Thinking about what “We are all related” means at a level I’ve not been.
It’s disturbing. As it must be.
Certainly anyone of conscience has considered what that, or The Golden Rule, or Beatitudes mean, what they’re trying to lead us towards. Like Wittgenstein’s fly in the bottle, we’re all trying to find our way out of a trap we willingly entered. Enticed perhaps by something sweet to us: fame, escape, wealth, esteem, love… or simply to survive.
It’s nearly impossible in the realities of the world we live in, to see those things as illusions. They are the driving forces that allow us to tolerate an inhumane society and our human limitations. They motivate us and give us hope, whether it’s of earthly or spiritual rewards. And we crave that. We pray, muddle, and force our way through, but we don’t generally experience it as that because for the most part, we’re given no alternatives, birth to death.

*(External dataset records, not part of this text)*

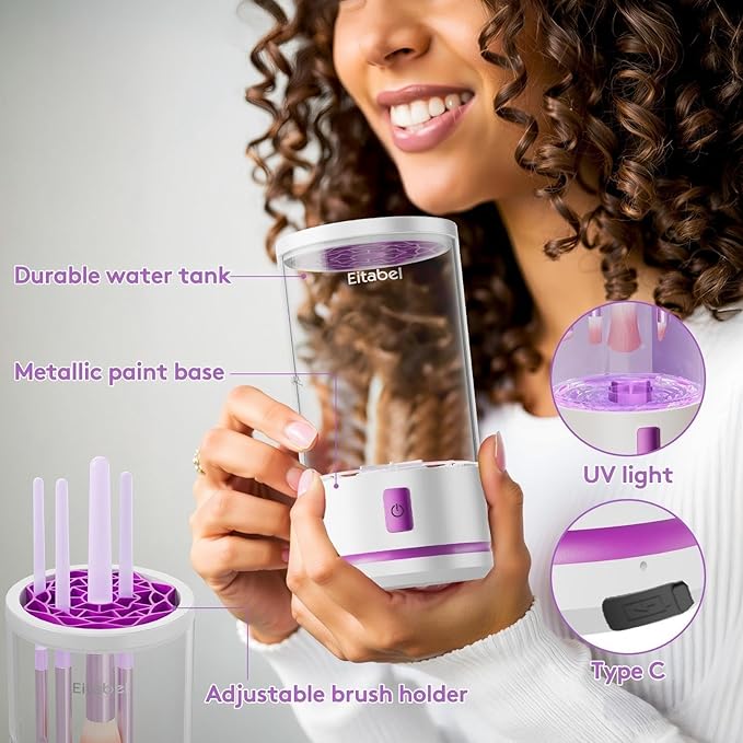- šćVersatile and CompatiblećOur Cosmetic Brush Cleaner is compatible with all sizes and shapes of makeup brushes. From small eyeshadow brushes to larger powder brushes, it can handle them all with ease. No need to worry about damaging your brushes or using multiple cleaners. Our Electric Makeup Brush Cleaner is your all-in-one solution.
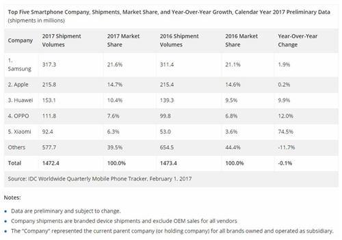 在刚刚过去的2017年,OPPO则稳步提升,IDC数据显示,2017年OPPO全球销量达到1.118亿台,稳居国内第二和全球第四。更为重要的是,依托于中国本土市场,OPPO的影响力正逐步向全球扩展。
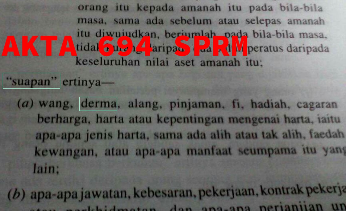Naib presiden PKR itu berkata, takrifan “suapan” di bawah akta ini termasuklah hadiah dan derma apabila hadiah dan derma itu diberikan untuk mendapat balasan.
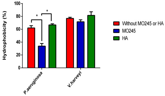 Results, Figure 10, showed that MO245 significantly decreased the surface hydrophobicity of P. aeruginosa from 62% to 34% (p < 0.05), in contrast to HA. However, the MATH assay did not show a change in the hydrophobicity of V. harveyi in the presence of MO245 or HA. The hydrophobicity of V. harveyi remained at approximately 76%.
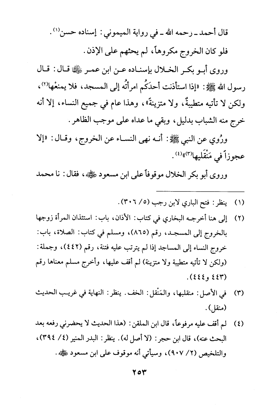 وروى أبو بكر الخلال بإسناده عن ابن عمر - رضي الله عنهما - قال: قال رسول الله - صلى الله عليه وسلم -: "إذا استأذنت أحدَكُم امرأتُه إلى المسجد، فلا يمنعْها (¬2)، ولكن لا تأتيه متطيبةٌ، ولا متزينةً"، وهذا عام في جميع النساء، إلا أنه خرج منه الشباب بدليل، وبقي ما عداه على موجب الظاهر.

Even those of us aware of other possibilities still find ourselves trapped in a world almost completely colonized. And no, I don’t mean only events since 1492. That mindset began long before and has always led to alienation, wars, and despair.

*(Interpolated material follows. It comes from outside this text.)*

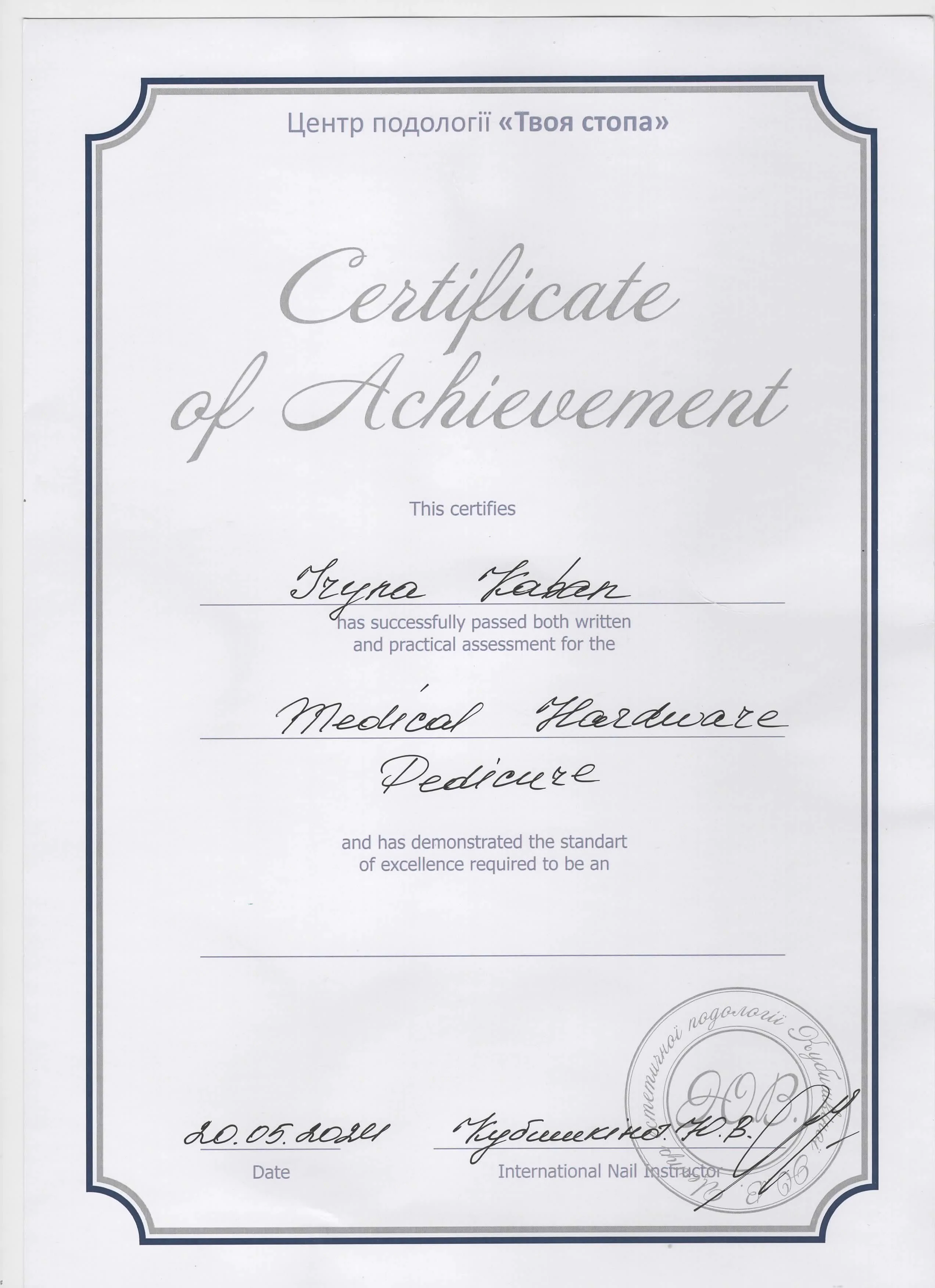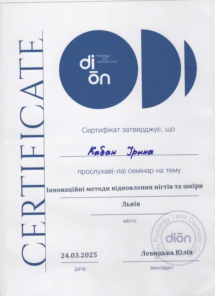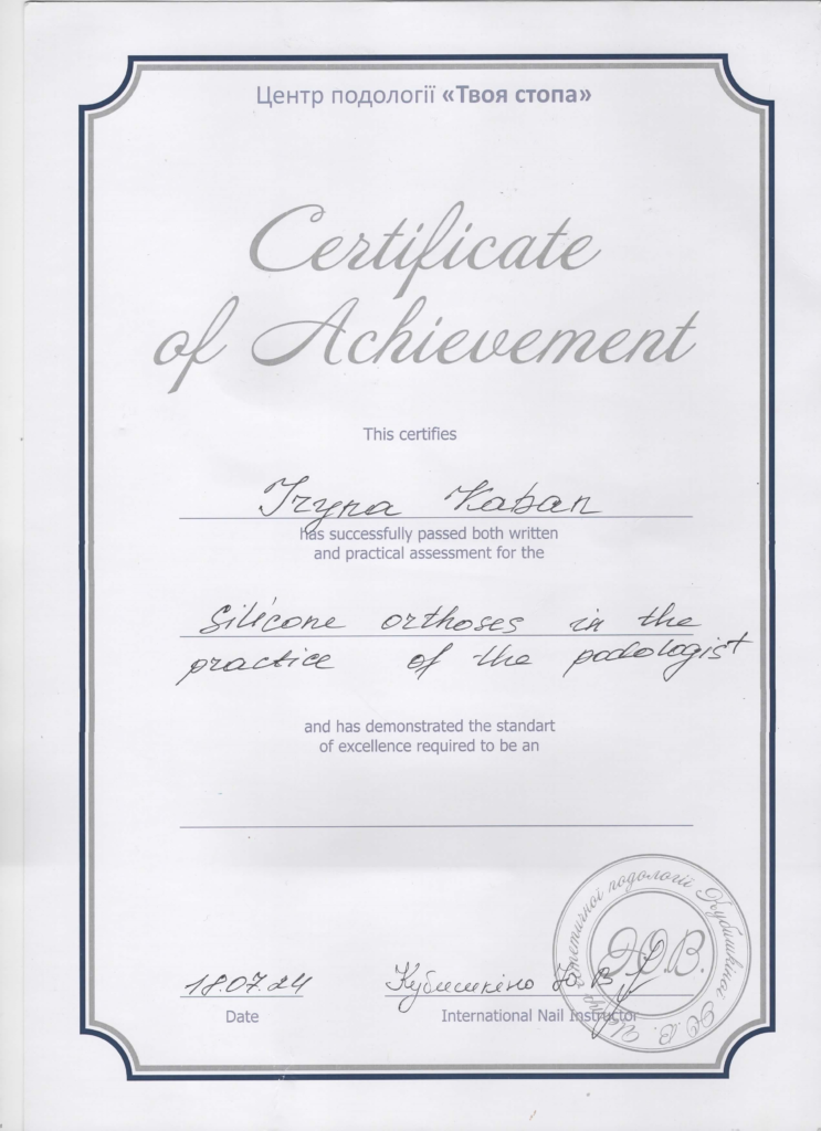 In 2023–2024, she successfully completed a full course in podology, as well as a training course on “Manufacturing Individual Orthoses,” which enables her to apply modern approaches to patient diagnosis and treatment. She is also a lecturer in podology courses.

Don’t misunderstand me: there are belief systems and psychologies that name these things and can help one modify behaviors and to a limited extend, even outcomes. But we’re like addicts whereby even truths are worked into our inner beliefs and ultimately, denial.
So is there a way out of the bottle before death? I honestly don’t know. My own inner drives impel me towards a form of hope, and I’ll continue to meditate and repeat my mantra, and perform the rituals of my mother’s people in between worry, confusion, fear, and rage. I‘ll continue because I live, and without meaning, as Frankl understood, we are rudderless yet compulsive souls, lost to our fears. And we must consciously choose what our lives are to mean or lose the heart and soul of our humanity.

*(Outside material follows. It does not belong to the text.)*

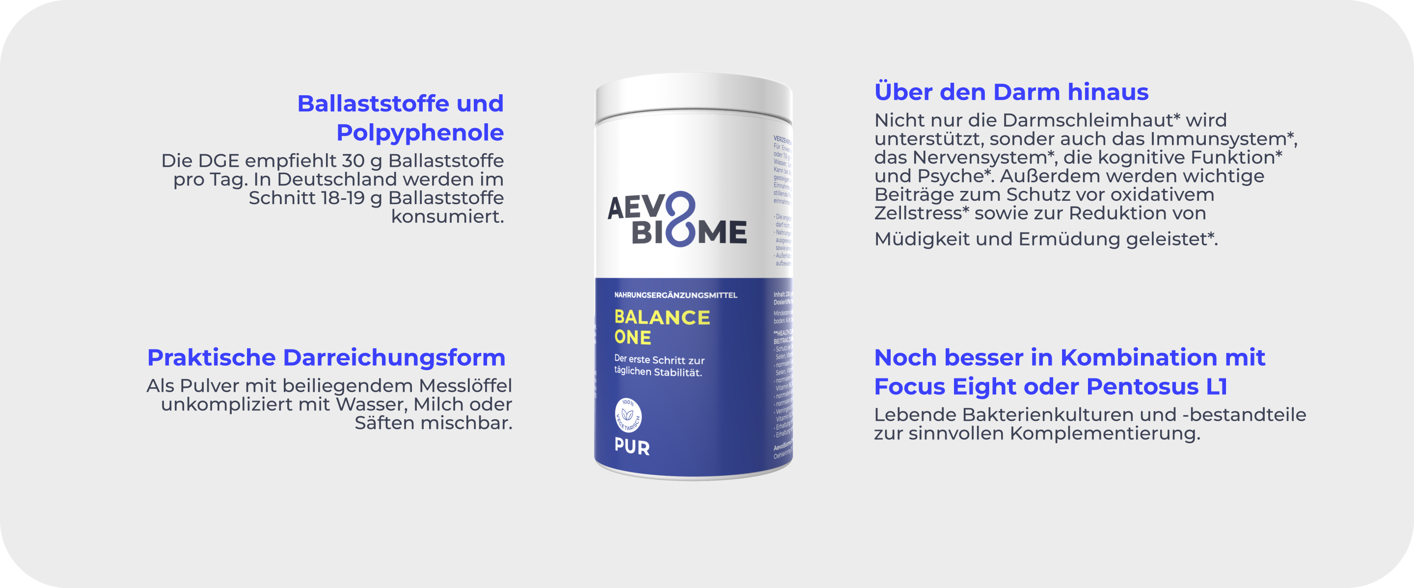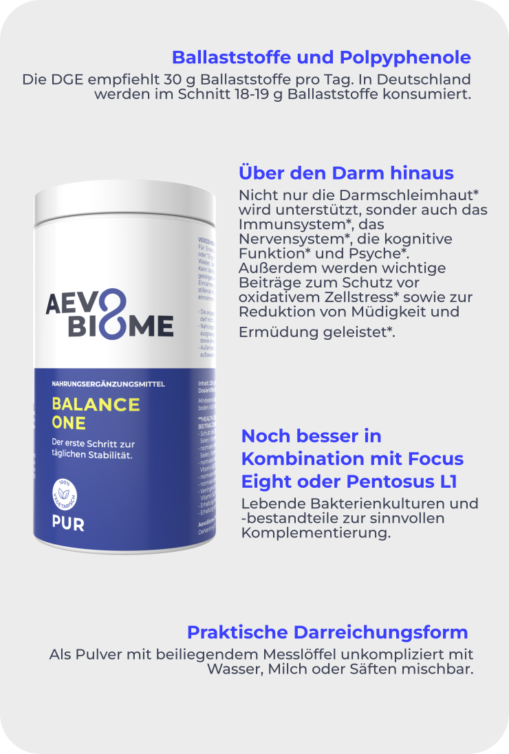 Kurz erklärt: Ballaststoffe und Polyphenole sind natürliche Bestandteile der Ernährung. Verschiedene Typen werden im Darm von unterschiedlichen Bakterien genutzt. Für BALANCE ONE setzen wir bewusst auf zwei ausgewählte Ballaststoffarten und zwei definierte Polyphenolquellen – für Vielfalt, ohne die Dosierung zu verwässern.

The older I get, the deeper is my respect, appreciation, admiration, and genuine awe for my Ancestors. Not only did they survive every conceivable and imagined horror, they thought about what their struggles meant and how best to bear suffering yet remain intact. They left hints, stories, and sometimes clear instructions, but most impressively, they showed through their own lives. They all retained humor, kindness, and goodness, harsh as their versions might sometimes have seemed to me as a child.
Outside of and beyond their circumstances, they were fully human, perhaps the highest compliment I have. They kept kinship beyond blood. I so aspire.